Morning Glory

Morning glory clouds, August 2009, Burketown, Queensland, Australia (photo from Wikimedia Commons)

A morning glory is a flower, right?

Yes, and it’s also the name of these very rare roll clouds that stretch as much as 1000 km.  That’s 620 miles, the distance from Pittsburgh to Dallas, Texas!

I’ve never seen a morning glory cloud but the literature says they are low and tubular and appear to be rolling on their horizontal axis.  They travel up to 60 kilometers per hour (37 mph) over a landscape that has no wind at ground level — until they arrive.
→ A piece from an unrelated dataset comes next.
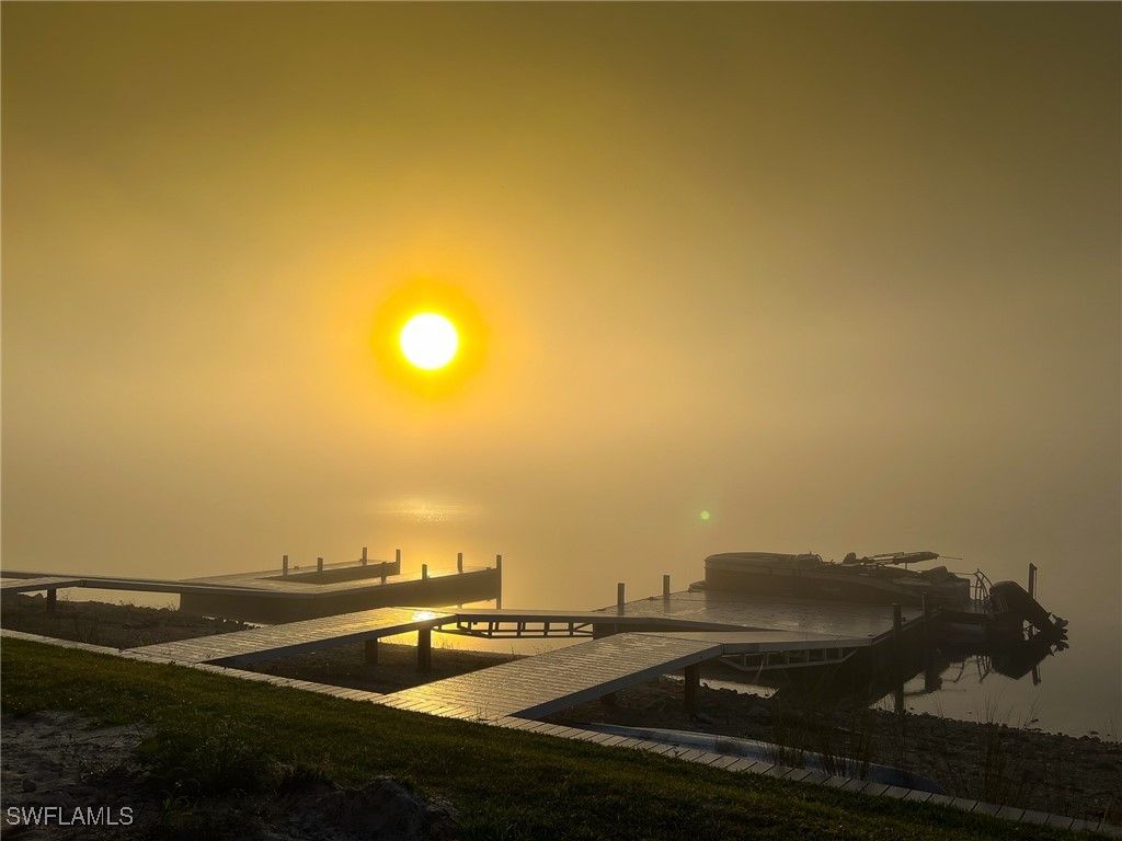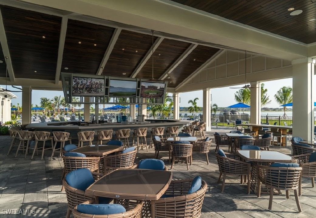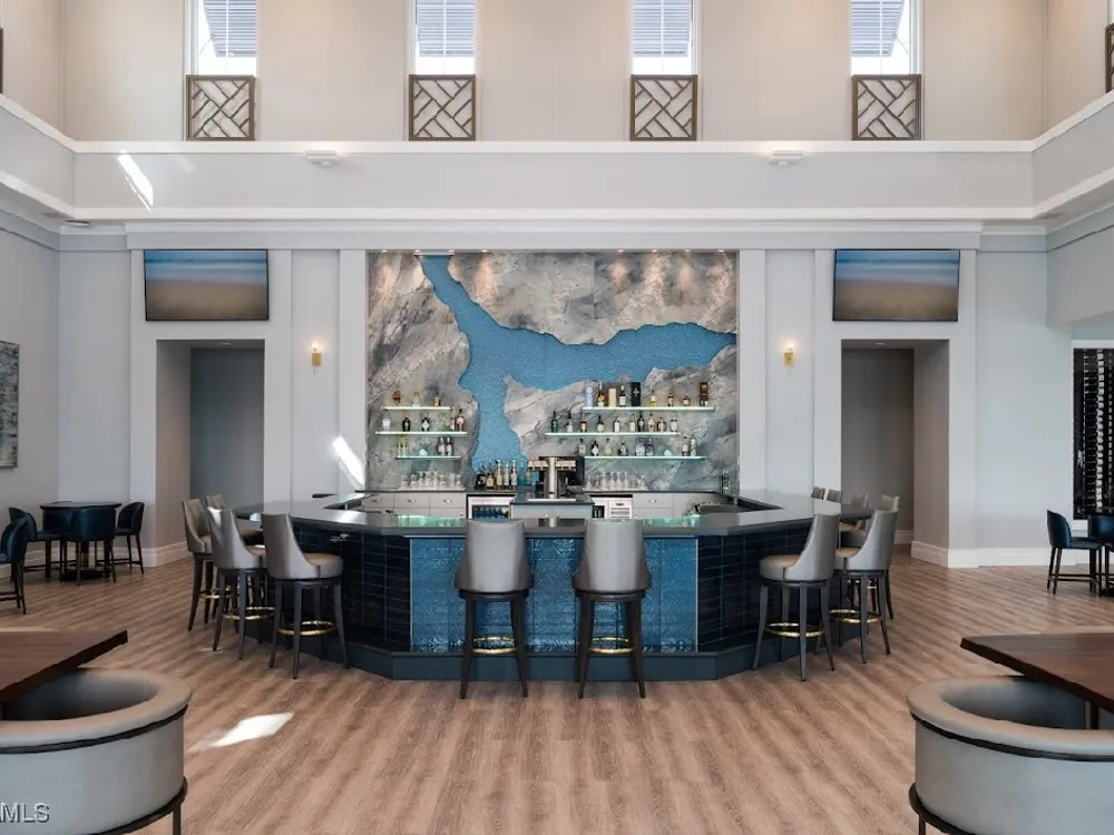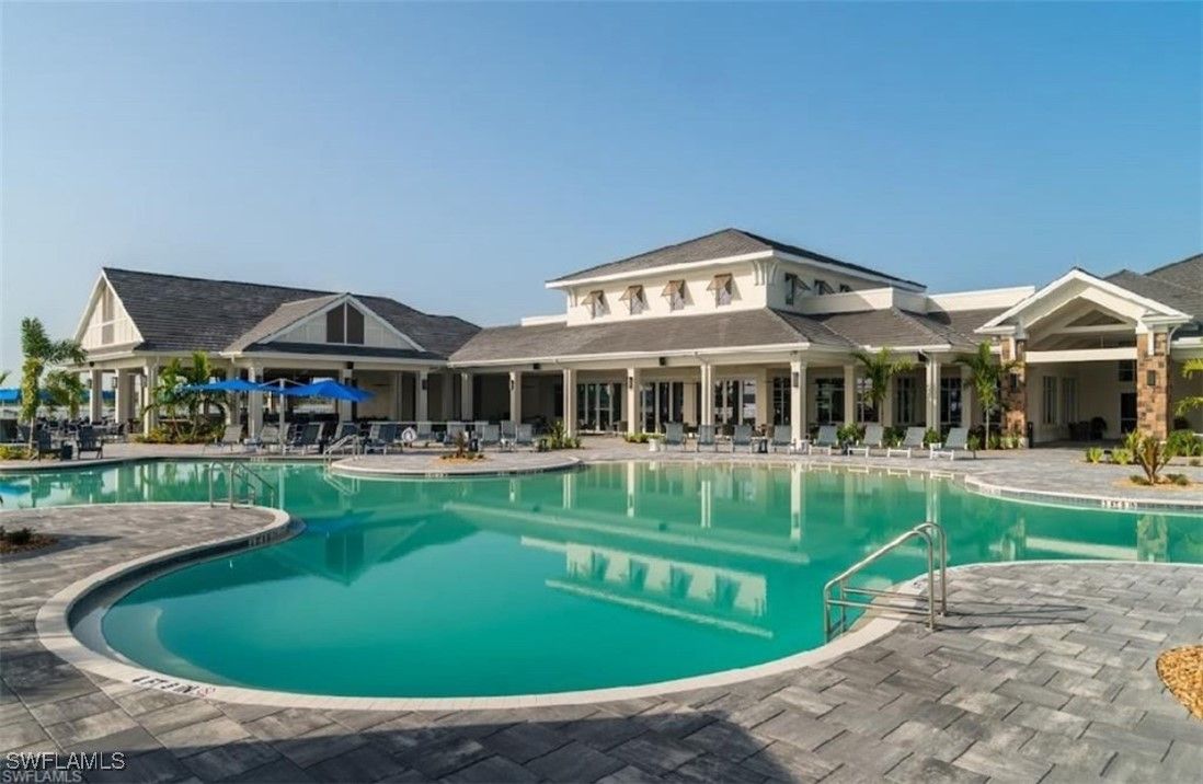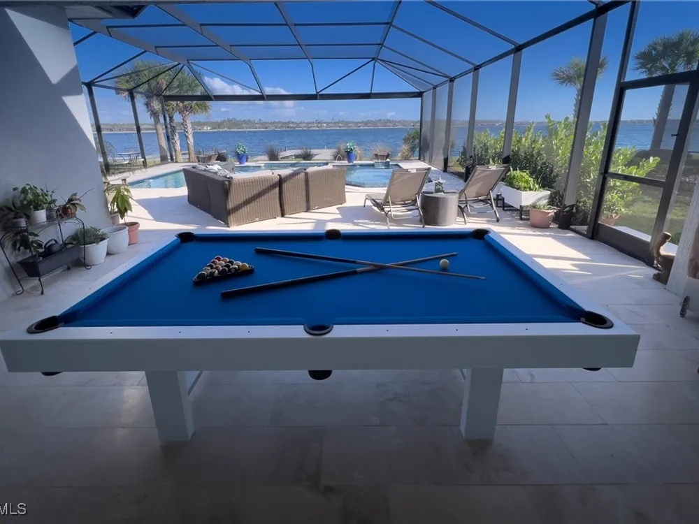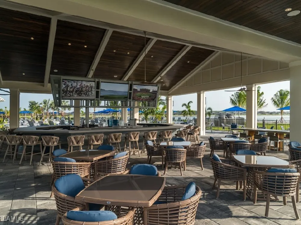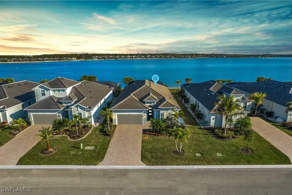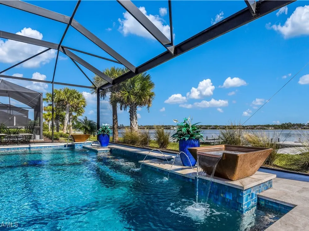 LUXURY UPGRADES THROUGHOUT! You will LOVE this beautiful waterfront setting that this pool home has to offer with a highly desired SE exposure allowing you to take in the picture perfect sunrises overlooking the 225-acre boatable & fishing lake. Enjoy this stunning outdoor living space w/ a private 16'x20' boat dock that extends your waterfront lifestyle, huge pool deck, fully custom designed 30’ x 14’ saltwater pool w/ a raised infinity spa featuring six water features, breathtaking LED lighting, swim-up bar with four pedestal seats overlooking the serene lake, volleyball-ready layout, eight-person spa for ultimate relaxation, RGB LED strip lights illuminate the pool, and pool deck creating an enchanting evening ambiance, covered area w/ mounted tv & outdoor regulation 8’ billiard table/ping-pong table, picture window screen, & water bowls spilling over into the pool (See the full upgrade/feature list attached to the MLS). A wall-mounted, back-lit 75” Sony Bravia 4K HD LED TV anchors the living room. Additional upgrades include all impact resistant windows, full alarm system for the entire house (24/7 monitoring for burglary, fire, 2 waters sensors for flooding, smoke, and carbon monoxide detectors—always ensuring peace of mind), electric remote blackout shades, gas appliances, tankless hot water heater, added insulation throughout home, UV bacteria purification system inside the A/C unit, split a/c unit in the insulated garage, entire home surge protector, high-end fans & designer grade light fixtures, tile flooring throughout, volume ceilings, & more! Vista Wildblue is a distinct gated community in a highly-desired area of SWFL. This community has access to every amenity of Wildblue -resort style pool, tennis & pickle ball complex, lap pool, poolside café bar & grill, indoor formal dining, outdoor chess, bocce ball, horseshoes, basketball courts, day spa, yoga & event lawns, fitness & aerobics centers, boat & kayak launch, playground & white sandy beach. WildBlue is one of the most desirable gated communities in SWFL with 800 acres of freshwater lakes via kayak & boat ramps, & 1300 acres of preserve. Community allows speedboats, jet skis, wakeboarding, water skiing, kayaking, fishing, tubing from your own backyard in addition to multiple community docks on the lakes.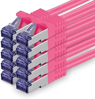 1aTTack.de Cat.7 Câble réseau 5m - Magenta - 10 pièces Cat7 Câble Ethernet PoE LAN 10 GB s S-FTP PIMF Set Patch Cat 7 Câble Brut avec connecteur Rj 45 Cat.6a

Morning glories bring wind with them and such great updrafts on the leading edge that glider pilots flock to the only place on earth where these clouds reliably occur:  northern Australia’s Gulf of Carpentaria from August to November.  Some have ridden these clouds for 500 km (310 mi).

Morning glory clouds can form (rarely) in response to severe thunderstorms but in Queensland they’re caused by sea breezes that flow onshore overnight at the Cape York Peninsula.  The moist air comes from both east and west, meets in the middle over the peninsula, and rises into a stack of cold, turbulent air.  Before dawn the stack is blown westward over the Gulf and causes ripples in the sky, each one carrying a long roll cloud.

Right now it’s spring in Australia and prime season for this rare phenomenon.  In Burketown, Queensland the glider pilots awake before dawn, hoping for glory.